Could you restate the whole listing below word for word, minus the pictures?

[Opening Data section section]

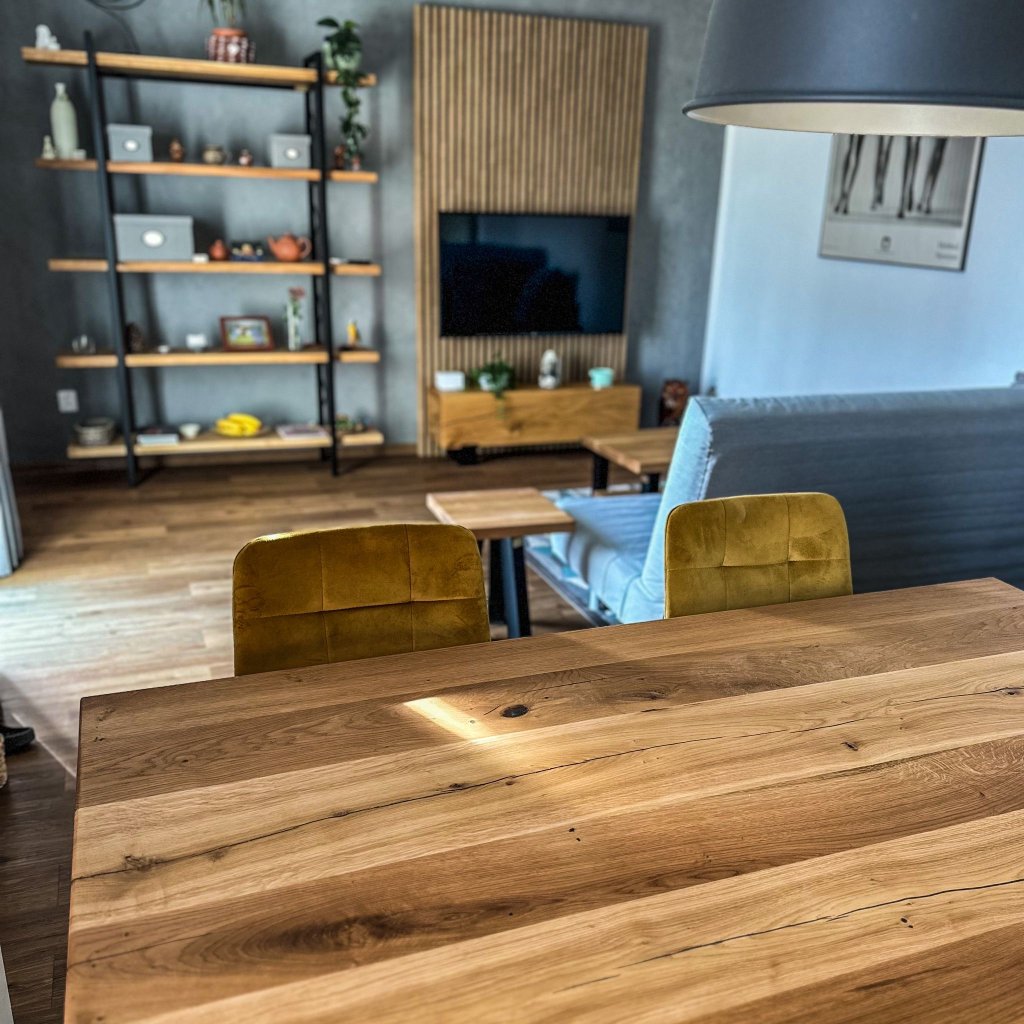 Massive Eichentischplatte im rustikalen Look: Die Eichenplatte mit feinen Rissen und Ästen ist mit schwarzem Epoxidharz oder Spachtel geschlossen, was den einzigartigen Charakter jedes Einzelstücks betont.
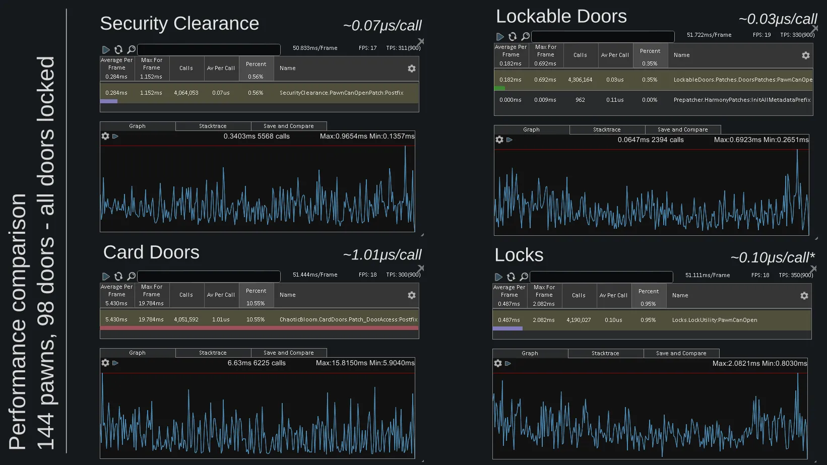 I benchmarked the mod with 144 pawns and 98 doors and compared it to some other popular door lock mods, which you can check in the last two preview images - TLDR, the mod should be ~14x faster than [url=https://steamcommunity.com/sharedfiles/filedetails/?id=3629205139]Card Doors[/url] and ~2x slower than [url=https://steamcommunity.com/sharedfiles/filedetails/?id=3391523928]Lockable Doors[/url] when processing locked doors as of 2026-01-03 (when I ran the benchmarks). When processing unlocked doors (meaning non-powered doors or doors with clearance set to None), it performs only slightly slower than Lockable Doors. [url=https://steamcommunity.com/sharedfiles/filedetails/?id=1157085076]Locks[/url] was also included, but might not be directly comparable since instead of running checks after the vanilla PawnCanOpen() method it completely replaces it.
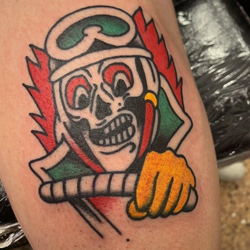 Tattoo of a skull wearing a helmet and goggles, holding a stick or club, with red and green accents.
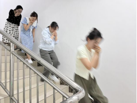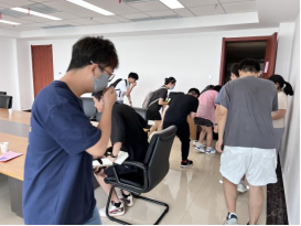 李志首先介绍了生产办公场所中存在的安全隐患及正确处理方式,普及了消防安全常识、火灾种类及灭火器类型。结合近年来多起消防安全事故,重点强调了火场自救和逃生的常见误区及正确方法。最后在教官的指导下,带领大家实地演练了突发火灾时正确的逃生方式。

[Closing Data section section]

- _Finished task_
 Massive Eichentischplatte im rustikalen Look: Die Eichenplatte mit feinen Rissen und Ästen ist mit schwarzem Epoxidharz oder Spachtel geschlossen, was den einzigartigen Charakter jedes Einzelstücks betont.
 I benchmarked the mod with 144 pawns and 98 doors and compared it to some other popular door lock mods, which you can check in the last two preview images - TLDR, the mod should be ~14x faster than [url=https://steamcommunity.com/sharedfiles/filedetails/?id=3629205139]Card Doors[/url] and ~2x slower than [url=https://steamcommunity.com/sharedfiles/filedetails/?id=3391523928]Lockable Doors[/url] when processing locked doors as of 2026-01-03 (when I ran the benchmarks). When processing unlocked doors (meaning non-powered doors or doors with clearance set to None), it performs only slightly slower than Lockable Doors. [url=https://steamcommunity.com/sharedfiles/filedetails/?id=1157085076]Locks[/url] was also included, but might not be directly comparable since instead of running checks after the vanilla PawnCanOpen() method it completely replaces it.
 Tattoo of a skull wearing a helmet and goggles, holding a stick or club, with red and green accents.
 李志首先介绍了生产办公场所中存在的安全隐患及正确处理方式,普及了消防安全常识、火灾种类及灭火器类型。结合近年来多起消防安全事故,重点强调了火场自救和逃生的常见误区及正确方法。最后在教官的指导下,带领大家实地演练了突发火灾时正确的逃生方式。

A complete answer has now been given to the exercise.